The City of Winnipeg is divided into four policing districts: Downtown, West, North and East. Each district contains several generalized and specialized police units.

Specialized units include:

- Bicycle patrol
- Bomb disposal
- Canine
- Central traffic
- Crowd management
- Photo enforcement
- Pawn
- River patrol
- Underwater search and recovery
- Victim services
- Street crime
- Tactical support team (TST) – formerly the part-time emergency response unit (ERU) made up of officers trained for special circumstances, such as hostage situations, armed and barricaded incidents and search warrants
- Training – includes, police vehicle operations instructors, policy and law instructors, firearms instructors, and use of force instructors – located at the WPS Training Academy
- Division 40 – criminal investigation bureau – homicide, drugs, hate crimes, major crimes, morals, integrated proceeds of crime (IPOC), organized crime and Crime Stoppers
- Division 41 – criminal investigation bureau – missing persons, child abuse, Internet child exploitation (ICE), domestic violence, high risk offenders, sex crimes, vulnerable persons, and youth crime
- Division 42 – criminal investigation bureau – arson, commercial crime, stolen auto, pawn, surveillance and forensic services
- Flight operations
- Auxiliary force cadet section

==Fleet==
- Ford Police Interceptor Sedan (Majority of Fleet)
- Ford Police Interceptor Utility
- Chevrolet Tahoe Police Package
- Terradyne Armored Vehicle Gurka
- EC120 Colibri

==Ranks and Insignia==

| Rank | Chief of police | Deputy chief of police | Superintendent | Inspector | Staff sergeant | Sergeant | Detective sergeant / patrol sergeant | Constable |
|---|---|---|---|---|---|---|---|---|
| Insignia |  |  |  |  |  |  |  | enter |

==Recruitment==
Potential trainees must be at least eighteen years old with a high school diploma, and able to complete the Police Officer's Physical Aptitude Test (POPAT), which determines a recruit's physical ability. Training is salaried and takes 37 weeks consisting of classroom time, use of force and in the field training with assigned field training officers who supervise them while they carry out all regular duties. After this process is finished the recruit is inducted into the police service. After five years of general patrol service, officers may apply for specialty divisions like those listed above.

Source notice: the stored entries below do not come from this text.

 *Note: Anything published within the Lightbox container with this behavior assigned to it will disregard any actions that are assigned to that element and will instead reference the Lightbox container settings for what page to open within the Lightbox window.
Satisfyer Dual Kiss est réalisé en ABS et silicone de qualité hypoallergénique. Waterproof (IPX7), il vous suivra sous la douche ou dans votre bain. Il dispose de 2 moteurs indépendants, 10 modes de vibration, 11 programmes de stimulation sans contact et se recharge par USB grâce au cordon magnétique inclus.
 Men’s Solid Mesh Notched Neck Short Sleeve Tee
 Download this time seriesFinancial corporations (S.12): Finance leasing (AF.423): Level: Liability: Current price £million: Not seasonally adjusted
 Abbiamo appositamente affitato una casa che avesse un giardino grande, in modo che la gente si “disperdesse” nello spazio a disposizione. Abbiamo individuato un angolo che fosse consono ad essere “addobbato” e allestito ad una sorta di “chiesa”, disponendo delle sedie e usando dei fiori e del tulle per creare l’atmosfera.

==Winnipeg Police Museum==
The Winnipeg Police Museum is a museum that displays the history of the Winnipeg Police Service from 1874 to the present. Pictures, equipment, vehicles and other artifacts are presented within the museum. An original 1911 jail cell from the North End Station is one of the highlights of the museum. In June 2016, the museum moved to a new location inside police headquarters at 245 Smith Street.

== Criticism ==
A 2020 Angus Reid poll of ten major cities in Canada found that 70% of Winnipeg residents had a favourable view of police in their community, and 26% had an unfavourable view. The remaining 4% of respondents did not answer this question. Compared alongside the other nine major cities, a greater percentage of Winnipeg residents had a favourable view of their police force than residents in Vancouver, the Greater Toronto Area, and Montreal had of their police forces. Only Vancouver and Montreal had a greater percentage of residents with a net unfavourable view of their local police forces than Winnipeg residents did.

=== Racism ===
From the years 2000-2017, the Winnipeg Police killed 19 people; 11 of those 19 people killed were Indigenous. Mi’kmaq lawyer and professor Pam Palmater has said in response to this finding that “the statistics really confirm that there is a high level of police racism abuse and violence towards Indigenous peoples.”

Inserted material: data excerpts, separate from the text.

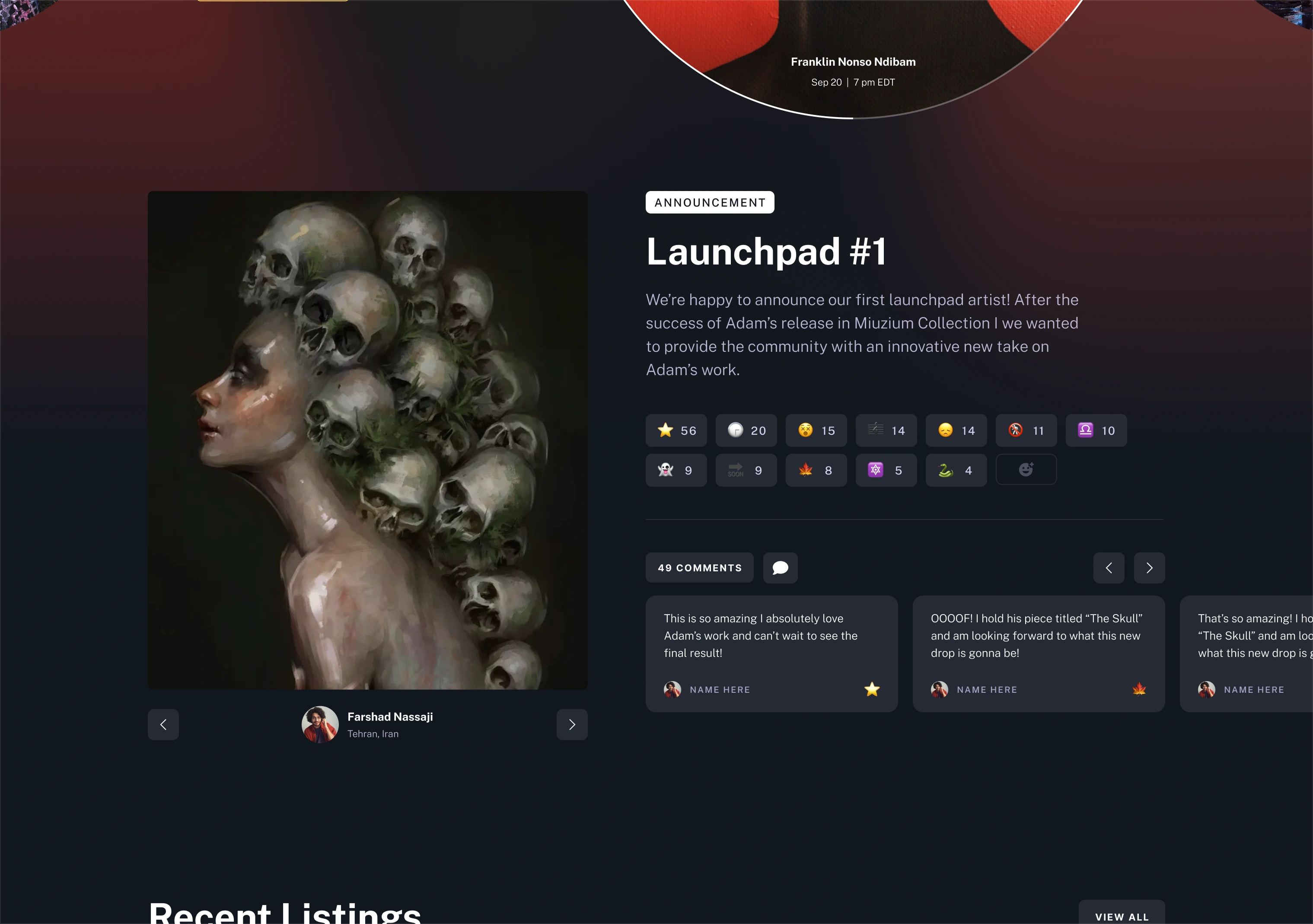 Artist launchpad pages with live community feedback
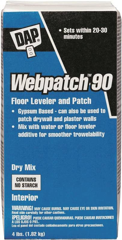 For filling cracks, holes and minor imperfections in subfloors to form a smooth even surface. Used to patch floors, walls and other surfaces in preparation for a decorative finish. Bonds to drywall, wood, concrete and masonry. Non-shrinking patch sets in 20-30 minutes. Can also be used to patch drywall and plaster. Four pounds with 20 ounces of water covers 5 to 14 sq. ft. Twenty-five pounds with 4 quarts of water covers 30 to 80 sq. ft. Coverage depends on the thickness of application.
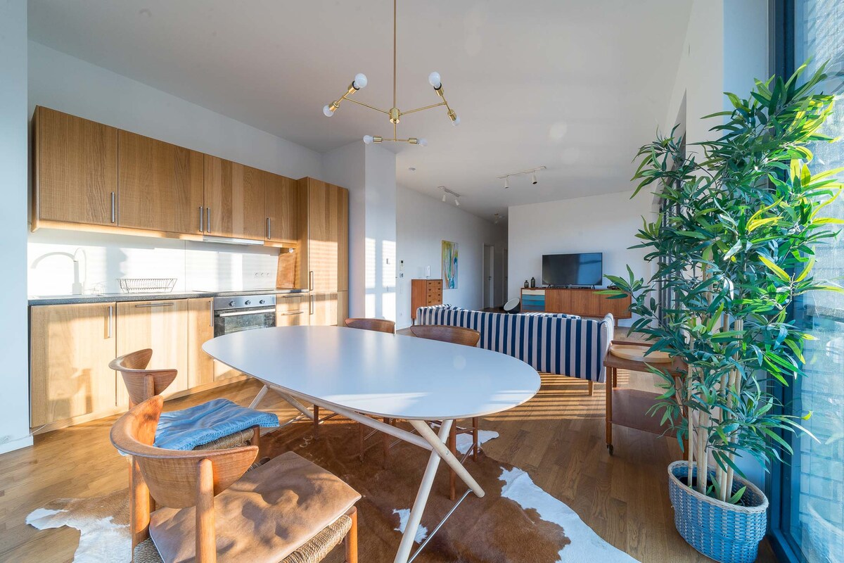 Ci siamo impegnati a sviluppare appartamenti di design moderni che soddisfino tutte le esigenze odierne. Con questo nuovo ed esclusivo appartamento a Berlino, vi offriamo un'atmosfera di benessere sia per brevi viaggi in famiglia in coppia, con i vostri bambini, sia per viaggi di lavoro di diverse settimane. Una nuova casa moderna che diventa immediatamente il centro del vostro viaggio con l'arrivo e vi dà riposo e forza per un emozionante soggiorno a Berlino.
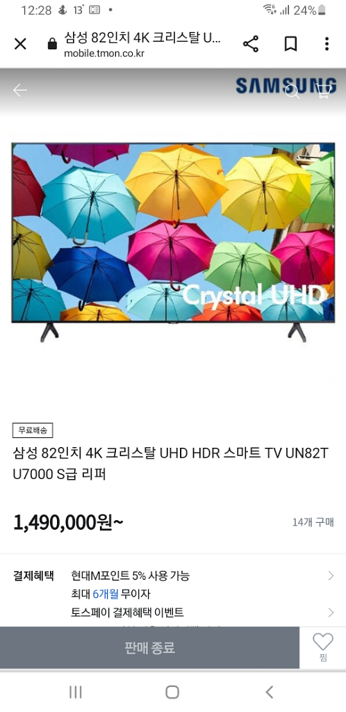 최신 삼성 85인치 4K 스마트 TV 특가한정판매 !
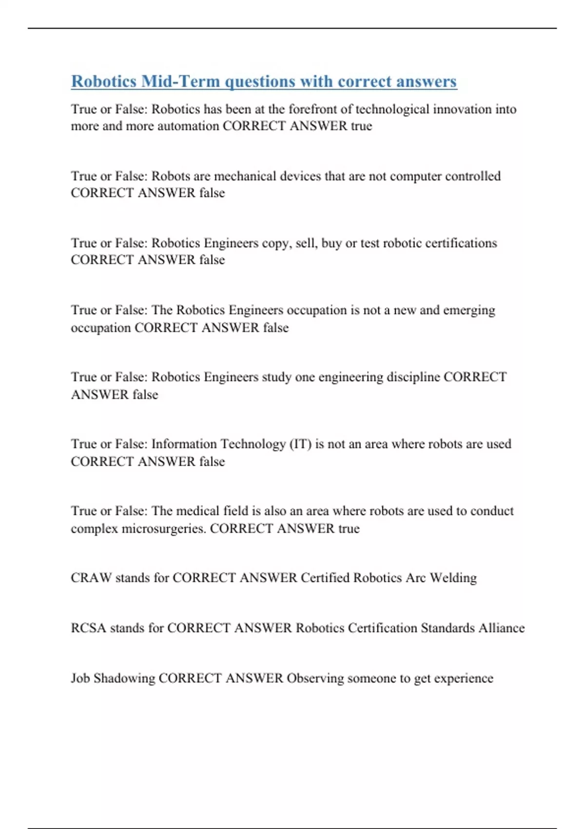 True or False: Robotics has been at the forefront of technological innovation into more and more automation CORRECT ANSWER true True or False: Robots are mechanical devices that are not computer controlled CORRECT ANSWER false True or False: Robotics Engineers copy, sell, buy or test robotic certifications CORRECT ANSWER false True or False: The Robotics Engineers occupation is not a new and emerging occupation CORRECT ANSWER false True or False: Robotics Engineers study one engineering discipline CORRECT ANSWER false True or False: Information Technology (IT) is not an area where robots are used CORRECT ANSWER false True or False: The medical field is also an area where robots are used to conduct complex microsurgeries. CORRECT ANSWER true CRAW stands for CORRECT ANSWER Certified Robotics Arc Welding RCSA stands for CORRECT ANSWER Robotics Certification Standards Alliance

The group Justice 4 Black Lives Winnipeg launched a petition in 2020 that calls for defunding and abolishing the Winnipeg Police Service. Their petition states, "No reform can come from these colonial practices.... The system must be rebuilt and include marginalized voices in the process in order to protect all BIPOC to this city's full capability."

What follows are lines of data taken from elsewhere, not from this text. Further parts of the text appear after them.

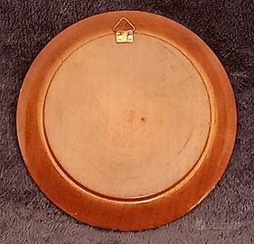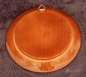 Piattino di legno anni ’60, souvenir di Davos / Svizzera con incisi gli stemmi dei cantoni e della bandiera svizzera. Dimensioni: diametro cm 12 x h1,5 / peso: 56g.
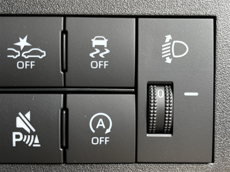 VSC・TRC OFFスイッチ、エコアイドルODO/TRIPスイッチ、手動光軸調整ダイヤル。
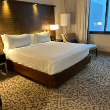 這是我住過的最差的希爾頓品牌酒店,沒有之一。 衞生:牆上好多污漬,排風口都是灰塵,包括吹風機的牌風口都是這種白乎乎的塵埃,地毯上還有上位客人的遺留物。 設施:電視機很大,但寫字桌上的枱燈是壞的 服務:打電話想反應這些問題,永遠無人接聽。最最最誇張的是分別在凌晨12點半和早上5:58分進行消防演習,警報器🚨發出的嗶嗶聲,完全沒有辦法睡覺。完全沒有事先通知,選的時間也正好是晚上睡得正香的時候。
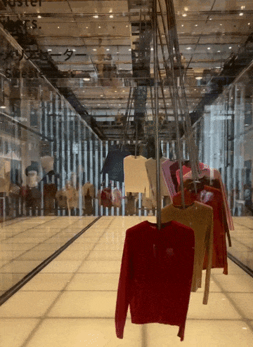 最终在 12 月 15 日展期结束当天,把这组吊衣展陈全部撤下,只保留下方展台正常售卖商品。
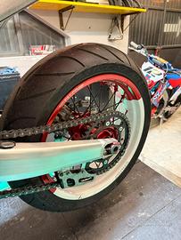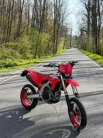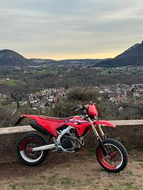 Buongiorno, vendo per passaggio a cilindrata superiore questa la mia fantastica Honda Crf 450 del 2021 omologata motard, la moto dal attivo ha al incirca 100ore mentre il motore ne ha 65,il tagliando é appena stato eseguito, (ogni 10 ore) quindi a 75 andrà fatto il prossimo, per il resto la moto é davvero in ordine e non necessita di nessun lavoro da fare, monta dei cerchi falco bicolor dove nella metà bianca presenta qualche seghetto di sverniciatura dovuta alle classiche sassate che arrivano durante l'utilizzo, conta chilometri nuovo appena montato frecce funzionanti anche loro appena sostituite e porta targa pieghevole dbr anche lui nuovo montati tutti al incirca un mesetto fà, scarico originale, possibilità di mandarvi altre foto e informazioni in più in caso ci fossero domande, in caso si può venirla a vedere e provare se realmente interessati prezzo 8800euro per favore no perditempo prezzo davvero poco trattabile perché la moto parla da sola.
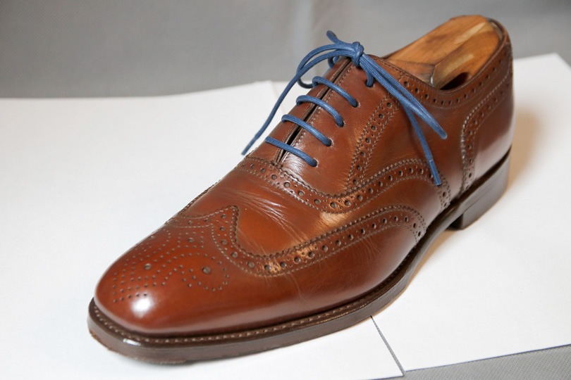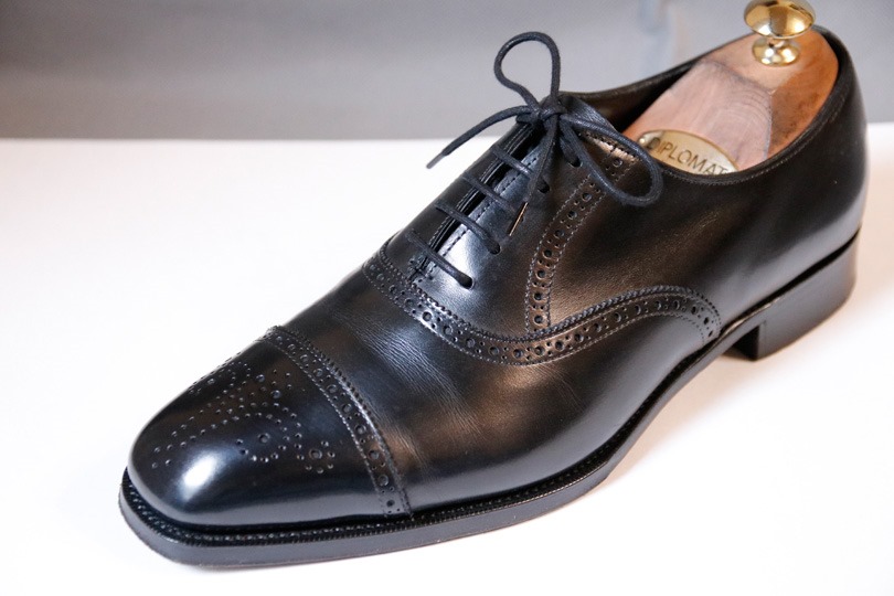 ただし、セミブローグ(爪先に穴飾りがあるタイプ)でもあるため、カジュアル転換するには良さそうなモデルだと思い、選びました。

In 2022 and 2023, the Winnipeg Police Service faced widespread criticism for its refusal to search a city landfill for the remains of three Indigenous women who are believed to be the victims of an alleged serial killer.
Community members, Indigenous leaders, victims’ family members, and family members of 2SMMIWG+ condemned the decision to not search the landfill sites during a press conference in Ottawa on December 8, 2022. One of the demands arising from the press conference was that Danny Smyth resign from his position as chief of police. The Assembly of First Nations National Chief RoseAnne Archibald spoke about the Winnipeg Police Service’s refusal to search the site at the United Nations on International Women’s Day 2023, saying, “There can be no greater metaphor for how Indigenous women are treated and viewed in Canada than this particular case.” Despite the Winnipeg Police Service saying the search couldn't be done, advocacy efforts led to the creation of an Indigenous-led working group tasked with evaluating the feasibility of the search. The remains of Morgan Harris and Marcedes Myran were found in the Prairie Green Landfill in February 2025.

=== Budget ===
The allocation of Winnipeg’s municipal budget towards the Winnipeg Police has drastically increased since the year 2000. While the Winnipeg Police consumed 17 percent of the City’s total operating budget in the year 2000, by 2020 this had risen to over 25% with a police budget of $304.1 million. This represents the highest proportion of funds that the City of Winnipeg gives towards any municipal department. In the same year, the City reduced funding for community groups, the maintenance of transit routes, and the Millennium Library.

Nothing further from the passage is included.